Las historias nos despiertan, antes que nada, las emociones. Y después es cuando actúa nuestro pensamiento.
Si leemos, por ejemplo, «En un lugar de la Mancha de cuyo nombre no quiero acordarme…», surge la emoción de la curiosidad, y después la pregunta, ¿por qué no quiere acordarse? ¿Qué le ocurrió para que quiera olvidar ese lugar?
Emoción proviene del latín «movere» (mover), más el prefijo «e», que da igualmente idea de movimiento. Eso es lo que me mueve a continuar leyendo.
La emoción de la sorpresa en este caso nos mueve a preguntarnos, ¿por qué no quiero acordarse? Ha entrado en juego el pensamiento.
Por eso las narraciones, las historias, nos atraen, nos despiertan, antes que nada, las emociones. Y después es cuando actúa nuestro pensamiento al preguntarnos, ¿y ahora qué va a pasar? Así es como llega a nuestro cerebro la narración, a través de la emoción.
No hay razón práctica sin sentimientos. Nadie que no sea ajeno a la psicología o a las neurociencias discute ya esta tesis. Todas las ciencias sociales parten hoy del supuesto de que somos seres emotivos y no solo racionales.
—VICTORIA CAMPS, filósofa
El profesor de marketing, John Berger, siguiendo las ideas expuestas por Malcom Gladwell en Las claves del éxito , afirma en Contagioso (Gestión 2000, 2014 ) que «los mensajes que provoquen el sobrecogimiento y los que produzcan una gran excitación (risa, inquietud, enfado, ira…), tendrán más probabilidades de ser difundidos».

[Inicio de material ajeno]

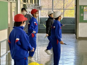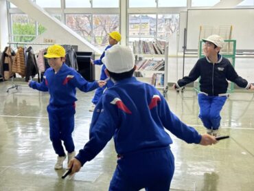 久し振りの朝5運動。4年生は教室前広場で、短なわとびの練習をしました。元気になって登校できて、よかったです。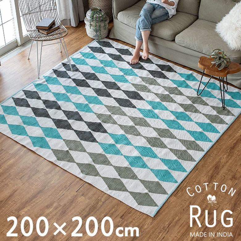 ラグ カーペット ラグマット ダイヤ柄 ひし形 綿100 200 200cm 正方形 ブルー コットンキリム風 幾何学模様 コットン100 目安2畳 34206 34206 Elements 通販 Yahoo ショッピング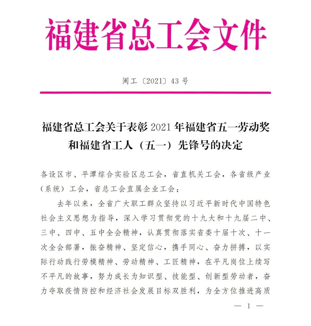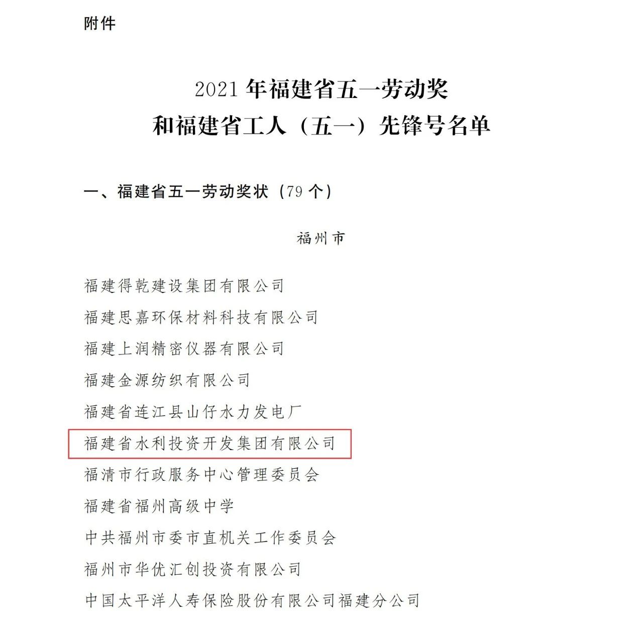 近日,省總工會通報表彰了2021年福建省五一勞動獎和福建省工人 (五一) 先鋒號,福建省水利投資開發(fā)集團(tuán)有限公司榮獲福建省五一勞動獎狀。

En una palabra, ser más virales.
De la emoción al sentimentalismo
Llegados a este punto, conviene hacer una acotación. Si bien es cierto que durante mucho tiempo las emociones fueron relegadas en beneficio de la razón, en la actualidad estamos en el extremo contrario, en el culto a la emoción. A este fenómeno el psiquiatra inglés Theodore Dalrymple, lo denomina en un libro del mismo título, «sentimentalismo tóxico».
Dalrymple considera que el sentimentalismo, entendido este como «el culto al sentimiento», el culto a la emoción pública, está corroyendo nuestra sociedad. A esta situación se llega cuando el sentimiento con el que se defiende una situación es más importante que los hechos (el conocimiento) en los que se basa.
Fue Cleóbulo, uno de los siete Sabios de Grecia, quien escribió en el templo de Apolo en Delfos esta máxima, «óptima es la medida».